-- Data to use follows --

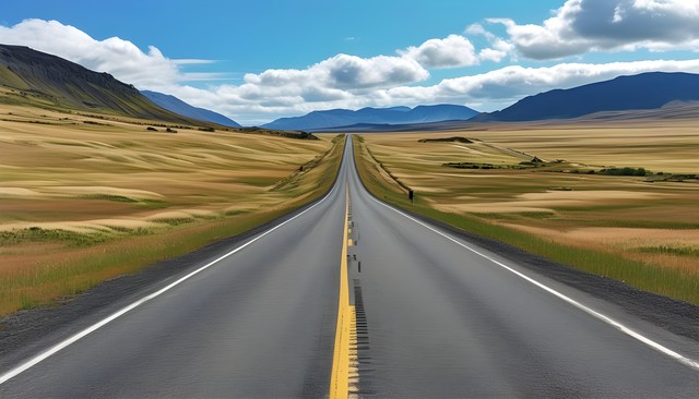 辽阔的公路穿过壮丽的山脉和平原,蓝天白云相映,展现自然的壮观之美。
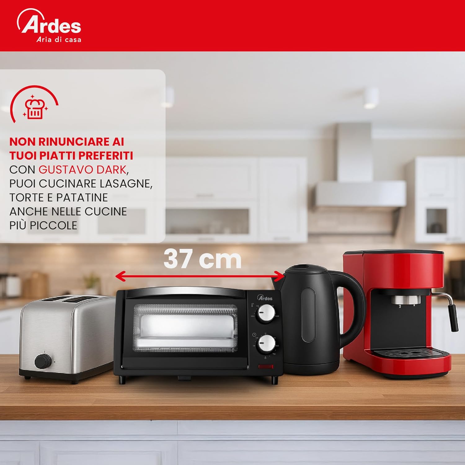 - ABMESSUNGEN UND EIGENSCHAFTEN - Abmessungen des kompakten elektrischen Kleinbackofens: Breite 37 cm x Tiefe 25 cm x Höhe 21,3 cm. Die Garraum-Innenabmessungen sind: Breite 25,2 cm x Tiefe 21 cm x Höhe 16,7 cm
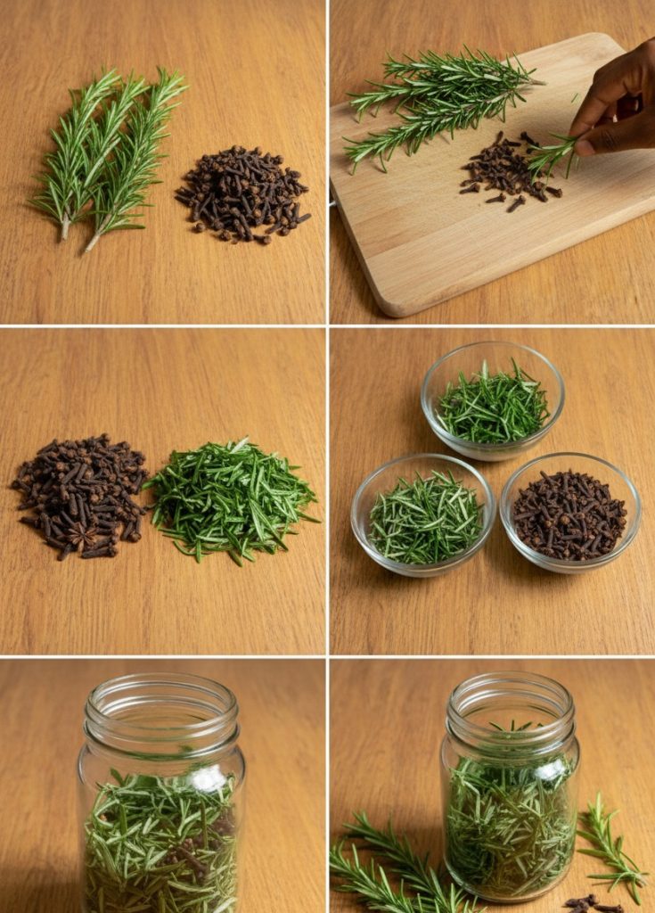 Het derde ingrediënt is rozemarijn. Rozemarijn wordt al lang gebruikt vanwege de antibacteriële eigenschappen en de werking tegen roos, en het geeft het haar ook een natuurlijke glans. Voeg 2 tot 4 takjes rozemarijn toe aan de kom.
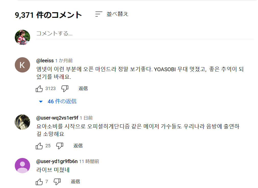 YOASOBIが「M countdown」(韓国の音楽番組)に出て「アイドル」を歌った時の動画があがっているけど、それ以降の175動画で YOASOBI の再生数(341万回)を上回っているのが1つも無いどころか、半分に達しているものさえ無いじゃん。
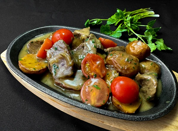 Нежная говядина с картофелем бейби, луком, томатами черри и зеленью.
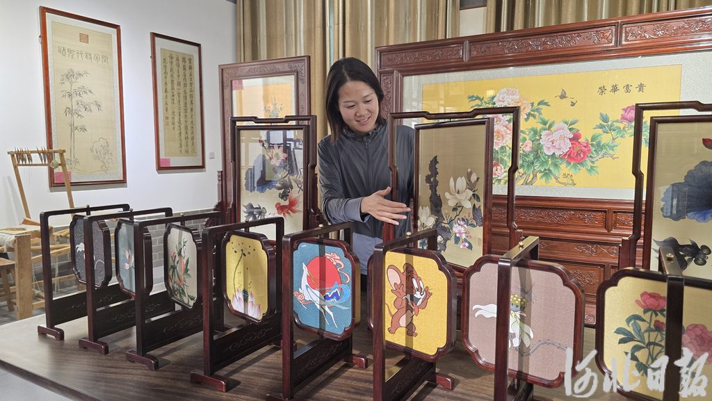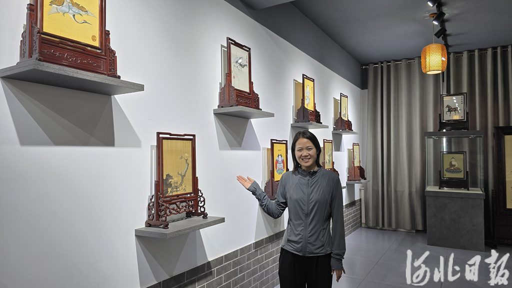 8月9日,郭飞在缂丝展览馆介绍缂丝传统作品。河北日报记者林凤斌摄

-- Data to use concluded --

**Task:**
The records above must be copied exactly, with no pictures carried over.

**Answer box:**
 辽阔的公路穿过壮丽的山脉和平原,蓝天白云相映,展现自然的壮观之美。
 - ABMESSUNGEN UND EIGENSCHAFTEN - Abmessungen des kompakten elektrischen Kleinbackofens: Breite 37 cm x Tiefe 25 cm x Höhe 21,3 cm. Die Garraum-Innenabmessungen sind: Breite 25,2 cm x Tiefe 21 cm x Höhe 16,7 cm
 Het derde ingrediënt is rozemarijn. Rozemarijn wordt al lang gebruikt vanwege de antibacteriële eigenschappen en de werking tegen roos, en het geeft het haar ook een natuurlijke glans. Voeg 2 tot 4 takjes rozemarijn toe aan de kom.
 YOASOBIが「M countdown」(韓国の音楽番組)に出て「アイドル」を歌った時の動画があがっているけど、それ以降の175動画で YOASOBI の再生数(341万回)を上回っているのが1つも無いどころか、半分に達しているものさえ無いじゃん。
 Нежная говядина с картофелем бейби, луком, томатами черри и зеленью.
 8月9日,郭飞在缂丝展览馆介绍缂丝传统作品。河北日报记者林凤斌摄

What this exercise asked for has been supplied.